Eliminating Data Races in Firefox – A Technical Report

We successfully deployed ThreadSanitizer in the Firefox project to eliminate data races in our remaining C/C++ components. In the process, we found several impactful bugs and can safely say that data races are often underestimated in terms of their impact on program correctness. We recommend that all multithreaded C/C++ projects adopt the ThreadSanitizer tool to enhance code quality.

What is ThreadSanitizer?

ThreadSanitizer (TSan) is compile-time instrumentation to detect data races according to the C/C++ memory model on Linux. It is important to note that these data races are considered undefined behavior within the C/C++ specification. As such, the compiler is free to assume that data races do not happen and perform optimizations under that assumption. Detecting bugs resulting from such optimizations can be hard, and data races often have an intermittent nature due to thread scheduling.

Without a tool like ThreadSanitizer, even the most experienced developers can spend hours on locating such a bug. With ThreadSanitizer, you get a comprehensive data race report that often contains all of the information needed to fix the problem.

An example for a ThreadSanitizer report, showing where each thread is reading/writing, the location they both access and where the threads were created. ThreadSanitizer Output for this example program (shortened for article)

One important property of TSan is that, when properly deployed, the data race detection does not produce false positives. This is incredibly important for tool adoption, as developers quickly lose faith in tools that produce uncertain results.

Like other sanitizers, TSan is built into Clang and can be used with any recent Clang/LLVM toolchain. If your C/C++ project already uses e.g. AddressSanitizer (which we also highly recommend), deploying ThreadSanitizer will be very straightforward from a toolchain perspective.

Challenges in Deployment

Benign vs. Impactful Bugs

Despite ThreadSanitizer being a very well designed tool, we had to overcome a variety of challenges at Mozilla during the deployment phase. The most significant issue we faced was that it is really difficult to prove that data races are actually harmful at all and that they impact the everyday use of Firefox. In particular, the term “benign” came up often. Benign data races acknowledge that a particular data race is actually a race, but assume that it does not have any negative side effects.

While benign data races do exist, we found (in agreement with previous work on this subject [1] [2]) that data races are very easily misclassified as benign. The reasons for this are clear: It is hard to reason about what compilers can and will optimize, and confirmation for certain “benign” data races requires you to look at the assembler code that the compiler finally produces.

Needless to say, this procedure is often much more time consuming than fixing the actual data race and also not future-proof. As a result, we decided that the ultimate goal should be a “no data races” policy that declares even benign data races as undesirable due to their risk of misclassification, the required time for investigation and the potential risk from future compilers (with better optimizations) or future platforms (e.g. ARM).

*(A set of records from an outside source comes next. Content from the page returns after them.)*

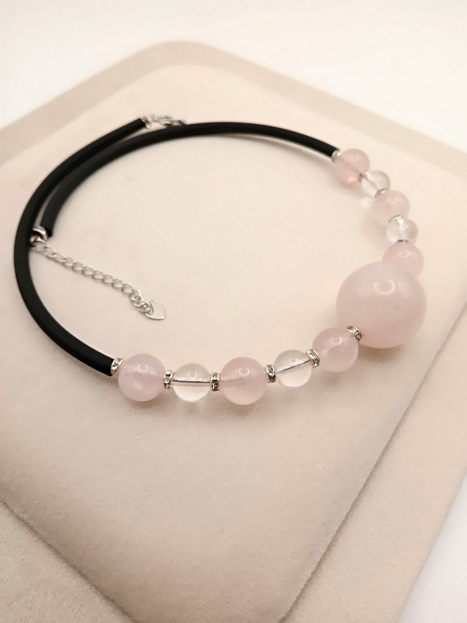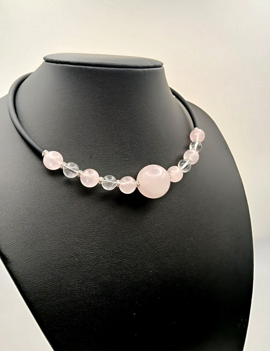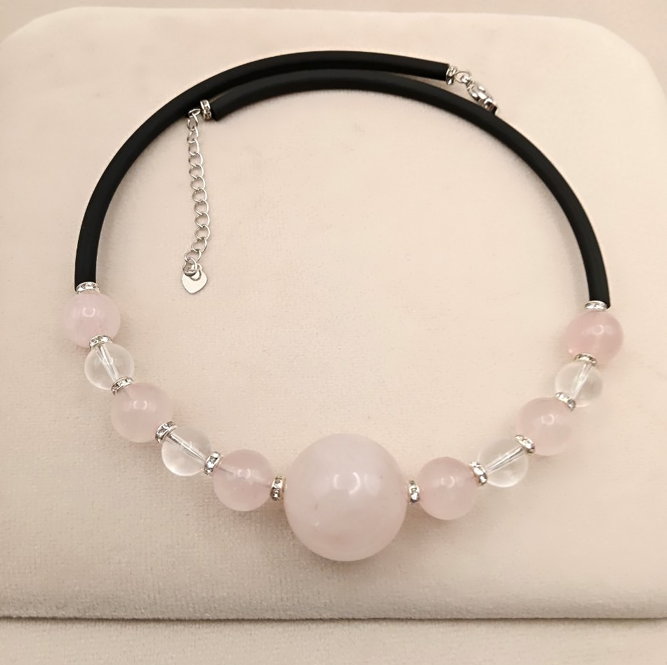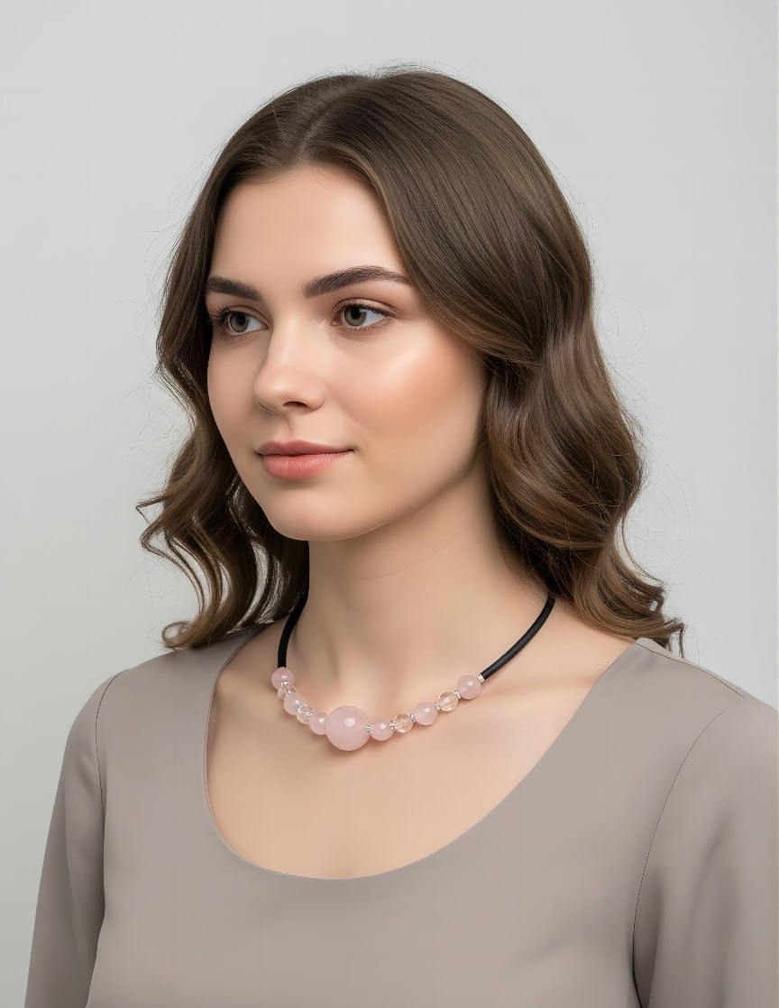 Изящный чокер с природным розовым кварцем и горным хрусталём — настоящее воплощение нежности и элегантности.
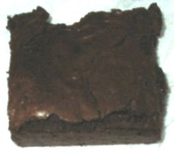 As you can see, this brownie looks normal enough. It has the requisite crunchy top, slightly broken once cooled. It is a lovely dark brown colour and it seems lovely and chewy. Taking a piece you can smell the scent of chocolate. The middle is a soft inviting chocolate with the edge a lovely crunchy surround.
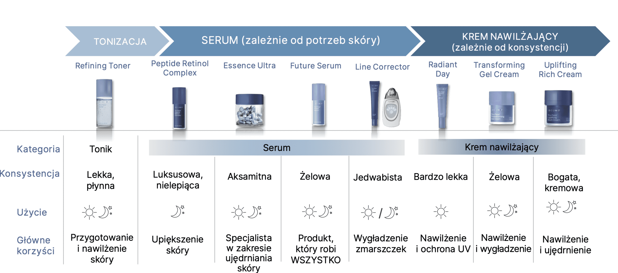 Każdy kosmetyk z linii działa synergicznie, tworząc kompleksową rutynę anti-aging.
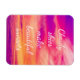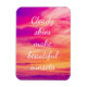 Este ímã tem uma imagem brilhante do céu durante um pôr do sol em cores vibrantes de roxo e amarelo, e palavras encorajadoras: Os céus nublados fazem belos pôrs do sol.
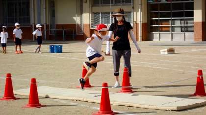 1年生は,体育の学習でスポーツフェスティバルに向けた練習に取り組んでいます。
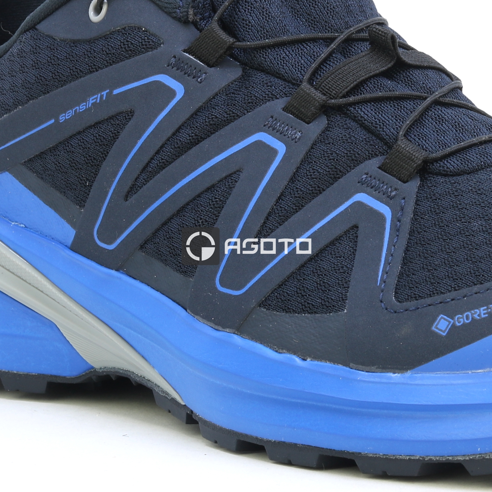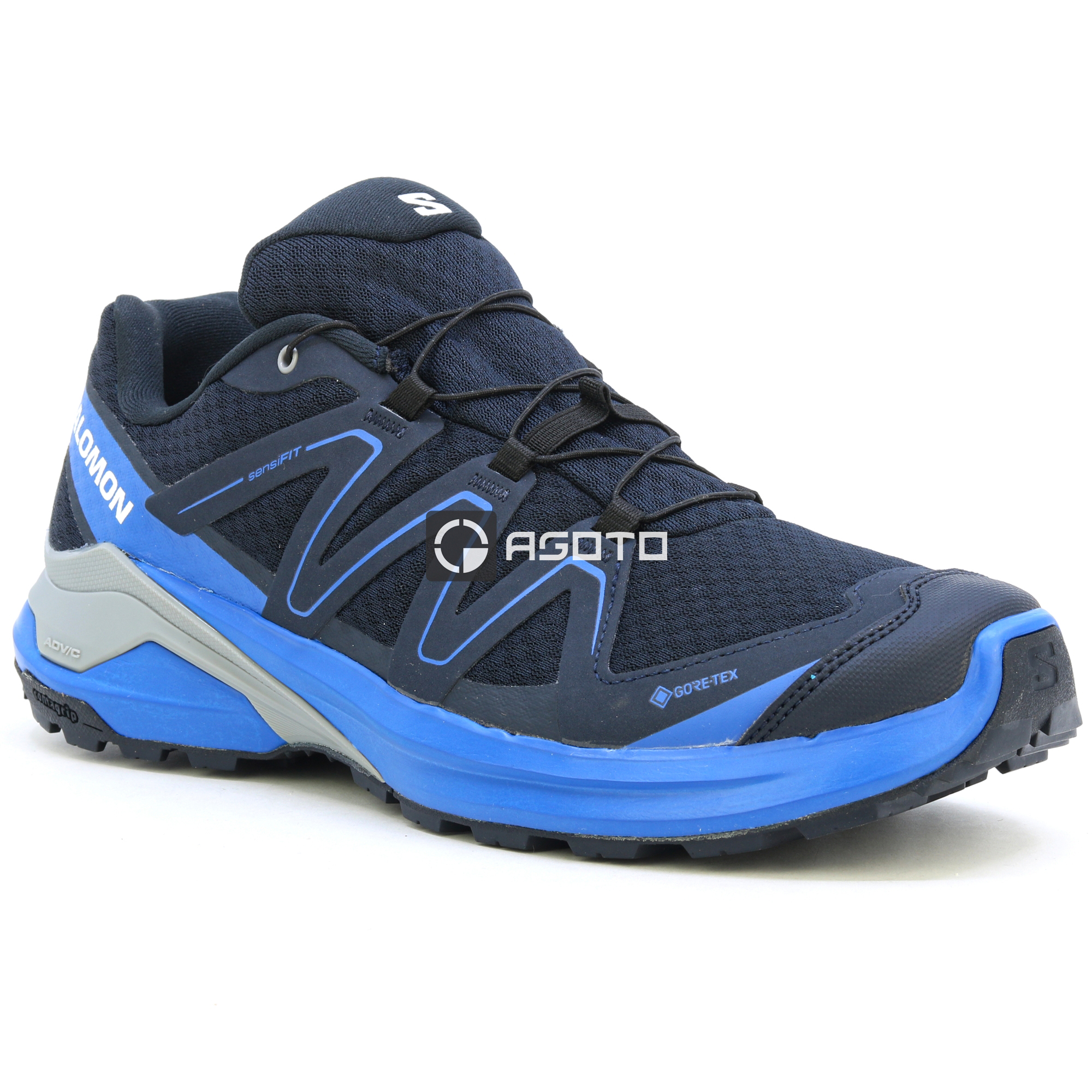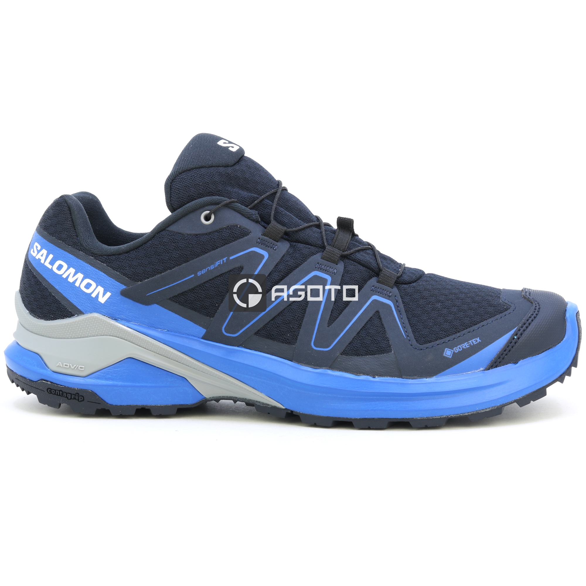 Der Salomon EXAMOTION GTX in der Farbkombination Dark Navy / Nautical Blue / Monument ist ein vielseitiger Outdoor-Schuh, der sportliches Design mit innovativer Technologie und hohem Tragekomfort vereint. Die GORE-TEX Membran hält Ihre Füße auch bei schlechtem Wetter trocken, während atmungsaktive Materialien für optimale Belüftung sorgen – selbst bei langen Einsätzen. Das strapazierfähige Obermaterial ist auf Langlebigkeit ausgelegt und passt sich dem Fuß hervorragend an, egal ob Sie auf Waldwegen oder in der Stadt unterwegs sind. Die leichte Zwischensohle bietet angenehme Dämpfung und Stabilität, während die Außensohle mit griffigem Profil für sicheren Halt auf verschiedensten Untergründen sorgt. Der EXAMOTION GTX ist die perfekte Wahl für aktive Menschen, die einen zuverlässigen Schuh für Alltag und Abenteuer in der Natur suchen.

However, it was clear that establishing such a policy would require a lot of work, both on the technical side as well as in convincing developers and management. In particular, we could not expect a large amount of resources to be dedicated to fixing data races with no clear product impact. This is where TSan’s suppression list came in handy:

We knew we had to stop the influx of new data races but at the same time get the tool usable without fixing all legacy issues. The suppression list (in particular the version compiled into Firefox) allowed us to temporarily ignore data races once we had them on file and ultimately bring up a TSan build of Firefox in CI that would automatically avoid further regressions. Of course, security bugs required specialized handling, but were usually easy to recognize (e.g. racing on non-thread safe pointers) and were fixed quickly without suppressions.

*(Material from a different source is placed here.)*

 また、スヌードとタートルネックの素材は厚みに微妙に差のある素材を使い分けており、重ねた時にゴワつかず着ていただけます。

To help us understand the impact of our work, we maintained an internal list of all the most serious races that TSan detected (ones that had side-effects or could cause crashes). This data helped convince developers that the tool was making their lives easier while also clearly justifying the work to management.

In addition to this qualitative data, we also decided for a more quantitative approach: We looked at all the bugs we found over a year and how they were classified. Of the 64 bugs we looked at, 34% were classified as “benign” and 22% were “impactful” (the rest hadn’t been classified).

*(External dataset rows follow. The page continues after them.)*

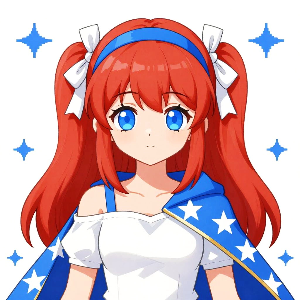 Anime-style digital drawing of a cute red-haired girl with large blue eyes and a blue headband. She has twin ponytails with white ribbons and wears a white, off-shoulder top with a blue cape featuring white stars. Her expression is neutral, and the background is a white, starry pattern. The art has a vibrant, pixelated texture.
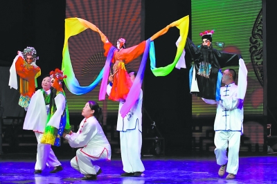7月12日晚,一场非遗展演盛会在祁连山北麓的甘肃省张掖市肃南裕固族自治县举行。来自甘肃省内各地的非遗传承人展示了裕固族婚俗、洮岷花儿、兰州鼓子、甘州小调等非遗项目。新华社记者 郎兵兵 摄
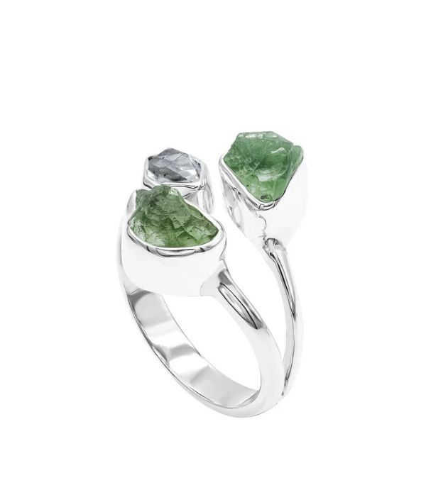 Moldavite and Herkimer Diamond Ring in Sterling Silver quantity
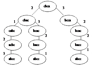 Рассматривая исходную и отсортированную строки как начальное и конечное состояние задачи, а продукционные правила как операторы, преобразующие одно состояние в другое, приходим к выводу, что поиск решения в продукционных системах соответствует поиску в пространстве состояний.

We knew there was a certain amount of misclassified benign issues to be expected, but what we really wanted to know was: Do benign issues pose a risk to the project? Assuming that all of these issues truly had no impact on the product, are we wasting a lot of resources on fixing them? Thankfully, we found that the majority of these fixes were trivial and/or improved code quality.

The trivial fixes were mostly turning non-atomic variables into atomics (20%), adding permanent suppressions for upstream issues that we couldn’t address immediately (15%), or removing overly complicated code (20%). Only 45% of the benign fixes actually required some sort of more elaborate patch (as in, the diff was larger than just a few lines of code and did not just remove code).

We concluded that the risk of benign issues being a major resource sink was not an issue and well acceptable for the overall gains that the project provided.

False Positives?

As mentioned in the beginning, TSan does not produce false positive data race reports when properly deployed, which includes instrumenting all code that is loaded into the process and avoiding primitives that TSan doesn’t understand (such as atomic fences). For most projects these conditions are trivial, but larger projects like Firefox require a bit more work. Thankfully this work largely amounted to a few lines in TSan’s robust suppression system.

Instrumenting all code in Firefox isn’t currently possible because it needs to use shared system libraries like GTK and X11. Fortunately, TSan offers the “called_from_lib” feature that can be used in the suppression list to ignore any calls originating from those shared libraries. Our other major source of uninstrumented code was build flags not being properly passed around, which was especially problematic for Rust code (see the Rust section below).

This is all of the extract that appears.